Txnip is not expressed in WT or RP cones, as described in our previous study (Xue et al., 2021, eLife), so we could not perform loss of function assays. We thus chose overexpression, and assayed various alleles, based upon the literature, as we describe in our manuscript.
- The study's reliance on cell count and GLUT1 expression as primary outcomes misses an opportunity to include functional assessments of vision or retinal health, which would strengthen the clinical relevance.
In our previous study, we demonstrated that the optomotor response of Txnip-treated RP mice improved (Xue et al., 2021, eLife). Also, as described in our previous Txnip study, as well as an independent study (Xue et al., 2021, eLife; Xue et al., 2023, PNAS), ERG assays of Txnip-treated RP cones were no different than the controls. Other therapies that prolong RP cone survival and the optomotor response in our lab also failed to save the ERG, suggesting that there are other pathways that need to be addressed, e.g. the visual cycle. A combination therapy addressing multiple problems is one of our goals.
- The paper could benefit from a deeper exploration of why certain treatments (like Best1-146 Txnip.C247S) do not lead to cone rescue and the potential for these approaches to exacerbate disease phenotypes through glucose shortages.
This system is more complicated than we currently understand, and more work needs to be done.
- Minor inconsistencies, such as the missing space in text references and the need for clarification on data representation (retinas vs. mice), should be addressed for clarity and accuracy.
The missing spaces are added.
We described the strategy of injecting the same mouse in each eye, one eye with control and one with the experimental vector. However, the following sentence has been added to the Materials and Methods to better assist the reader:
“In almost all experiments, other than as noted, one eye of the mouse was treated with control (AAV8-RedO-H2BGFP, 2.5 × 108 vg/eye), and the other eye was treated with the experimental vector plus AAV8-RedO-H2BGFP, 2.5 × 108 vg/eye.”

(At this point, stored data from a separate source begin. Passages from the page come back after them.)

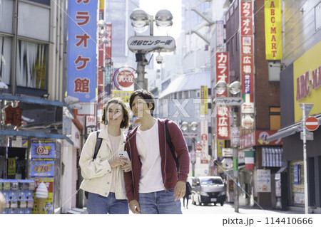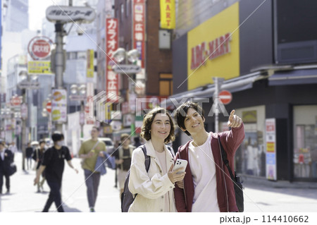 インバウンド スマホを手に秋葉原を散策する外国人旅行者カップル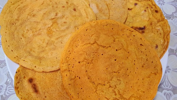 سخن مقلاة على نار متوسطة وادهن سطحها بقليل من الزيت، ثم اسكب ملعقتين من الخليط في المقلاة واتركيه لمدة دقيقتين حتى يتحول لونه إلى الذهبي، ثم اقلبيه على الجهة الأخرى واخرجيه من المقلاة.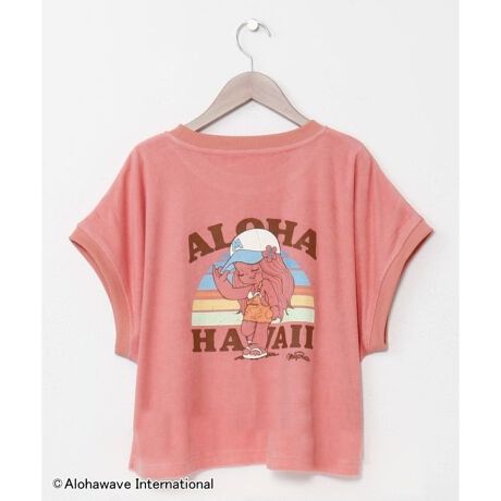 [型番:4CA-6131-2026]【Kahiko×Aloha Mapua】サーフィンとファッションをこよなく愛するキャラクター「Aloha Mapua(アロハマプア)」のトップス。カラフルなサンセットを背景にしたプリントが目を惹くデザインです。肩が隠れるほどの袖丈で、リラックス感のあるシルエット。やわらかなパイル生地が心地よく、ルームウェアとしてもおでかけにもぴったりな一枚です。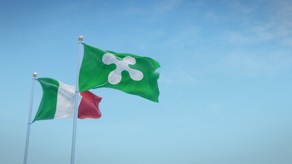 Waving flags of Italy and the Italian region of Lombardia against blue sky backdrop. 3d rendering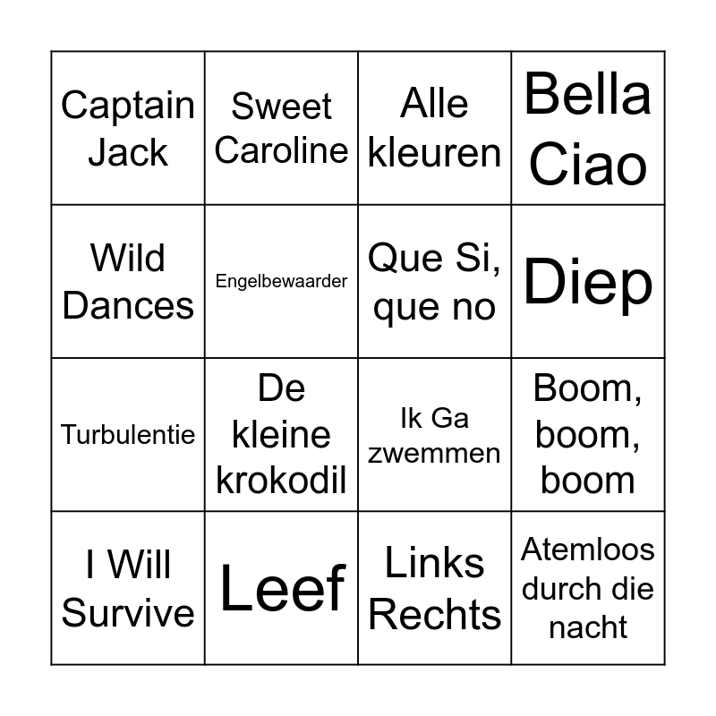 This bingo card has 26 words: Thruster Tigers!, Europapa, Diep, The Ketchup Song, Wild Dances, Captain Jack, Engelbewaarder, Sweet Caroline, Links Rechts, Walk on water, Turbulentie, Ik Ga zwemmen, YMCA, Dancing queen, Boom, boom, boom, Grease, Bella Ciao, Atemloos durch die nacht, Alle kleuren, I Will Survive, De kleine krokodil, Gagnam Style, Leef, Barbie Girl, Que Si, que no and Helikopter.

- The observation of promoter leakage and potential vector tropism issues raise questions about the specificity and efficiency of the gene delivery system, necessitating further discussion and validation.

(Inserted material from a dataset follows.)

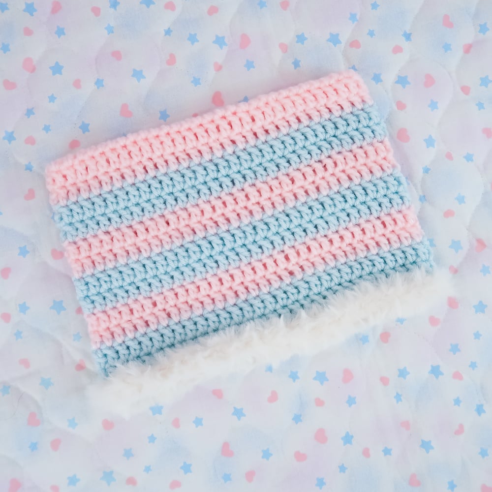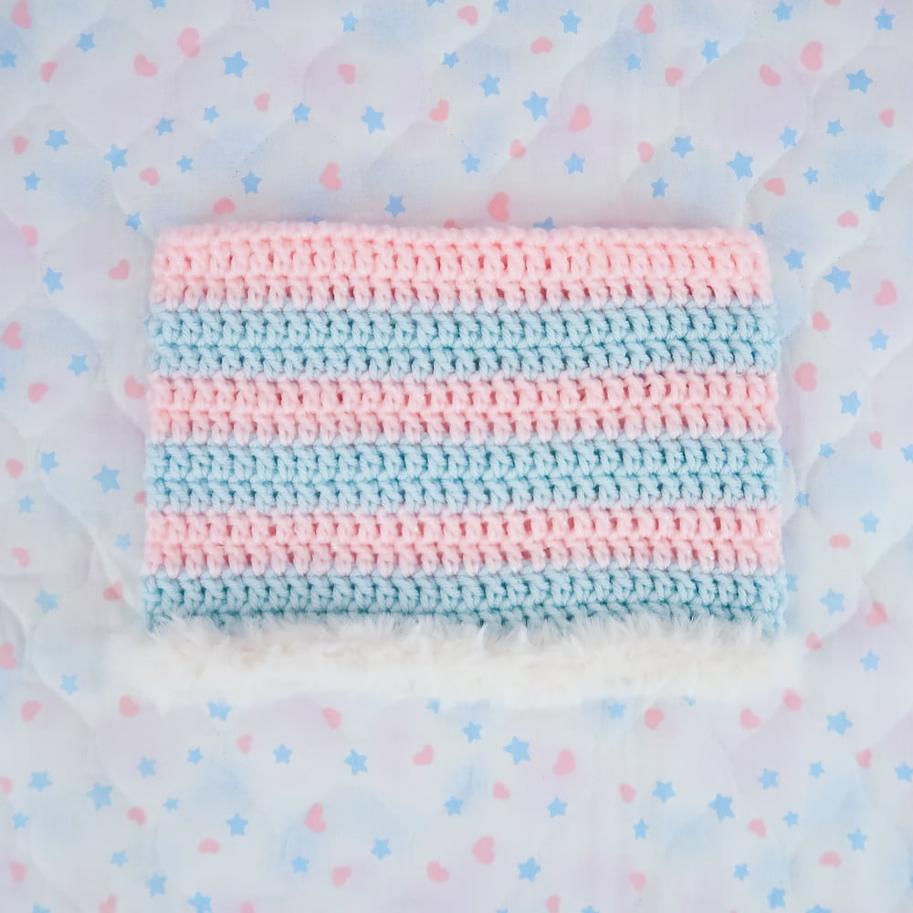 A crocheted pastel cat ear hat~ The opening to the hat features fluffy soft faux fur~

The following sentences have been added to the Results. We do not think this phenomenon affects the practice of the experiments or the interpretation of the results in this study.

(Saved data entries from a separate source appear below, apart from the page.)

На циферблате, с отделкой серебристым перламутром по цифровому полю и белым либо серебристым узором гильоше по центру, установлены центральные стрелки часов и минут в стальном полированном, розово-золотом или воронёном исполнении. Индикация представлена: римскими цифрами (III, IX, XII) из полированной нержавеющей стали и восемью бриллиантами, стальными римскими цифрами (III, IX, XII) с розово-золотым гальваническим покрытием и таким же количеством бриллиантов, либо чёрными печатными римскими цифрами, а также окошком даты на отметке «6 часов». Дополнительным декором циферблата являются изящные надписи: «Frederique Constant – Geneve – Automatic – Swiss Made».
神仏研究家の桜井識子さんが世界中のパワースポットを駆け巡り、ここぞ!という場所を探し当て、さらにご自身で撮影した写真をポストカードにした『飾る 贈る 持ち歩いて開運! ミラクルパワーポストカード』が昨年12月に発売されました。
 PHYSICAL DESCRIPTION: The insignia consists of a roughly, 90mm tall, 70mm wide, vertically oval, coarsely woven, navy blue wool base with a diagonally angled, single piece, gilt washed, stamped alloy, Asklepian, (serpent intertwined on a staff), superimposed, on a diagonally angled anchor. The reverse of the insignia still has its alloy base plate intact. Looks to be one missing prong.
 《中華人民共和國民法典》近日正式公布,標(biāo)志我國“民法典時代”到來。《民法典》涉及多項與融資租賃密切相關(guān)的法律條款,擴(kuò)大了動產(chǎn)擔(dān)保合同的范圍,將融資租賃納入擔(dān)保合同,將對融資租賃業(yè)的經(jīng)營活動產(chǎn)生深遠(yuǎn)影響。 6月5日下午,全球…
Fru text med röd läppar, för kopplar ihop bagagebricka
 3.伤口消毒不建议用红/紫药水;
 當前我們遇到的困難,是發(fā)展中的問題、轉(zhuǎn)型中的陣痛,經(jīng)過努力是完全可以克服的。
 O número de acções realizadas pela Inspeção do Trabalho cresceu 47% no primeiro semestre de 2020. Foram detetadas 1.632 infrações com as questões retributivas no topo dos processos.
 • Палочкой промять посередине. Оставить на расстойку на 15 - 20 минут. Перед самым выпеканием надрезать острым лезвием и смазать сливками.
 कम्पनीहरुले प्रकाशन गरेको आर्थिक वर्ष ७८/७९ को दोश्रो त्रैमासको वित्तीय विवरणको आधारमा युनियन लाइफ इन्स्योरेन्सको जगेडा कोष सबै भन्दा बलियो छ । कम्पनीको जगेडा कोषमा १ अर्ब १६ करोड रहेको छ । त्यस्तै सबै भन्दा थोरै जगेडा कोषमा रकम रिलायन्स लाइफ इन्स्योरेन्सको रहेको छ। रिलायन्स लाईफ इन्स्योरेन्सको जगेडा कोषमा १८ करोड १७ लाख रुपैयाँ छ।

“To enable automated cone counting and trace the infection, we co-injected an AAV (AAV8-RedO-H2BGFP-WPRE-bGHpA) encoding an allele of GFP fused to histone 2B (H2BGFP), which localized to the nucleus. As the red opsin promoter was used to express this gene, H2BGFP was seen in cone nuclei, but not in the RPE, if AAV8-RedO-H2BGFP-WPRE-bGHpA was injected alone. However, when an AAV that expressed in the RPE, i.e. AAV8-Best1-Sv40intron-(Gene)-WPRE-bGHpA, was co-injected with AAV8-RedO-H2BGFP-WPRE-bGHpA, H2BGFP was expressed in the RPE, along with expression in cones (Figure 2A). We speculate that this is due to concatenation or recombination of the two genomes, such that the H2BGFP comes under the control of the RPE promoter. This may be due to the high copy number of AAV in the RPE, as it did not happen in the reverse combination, i.e. AAV with an RPE promoter driving GFP and a cone promoter driving another gene, perhaps due to the observation that the AAV genome copy number is »10 fold lower in cones than in the RPE (Wang et al., 2020).”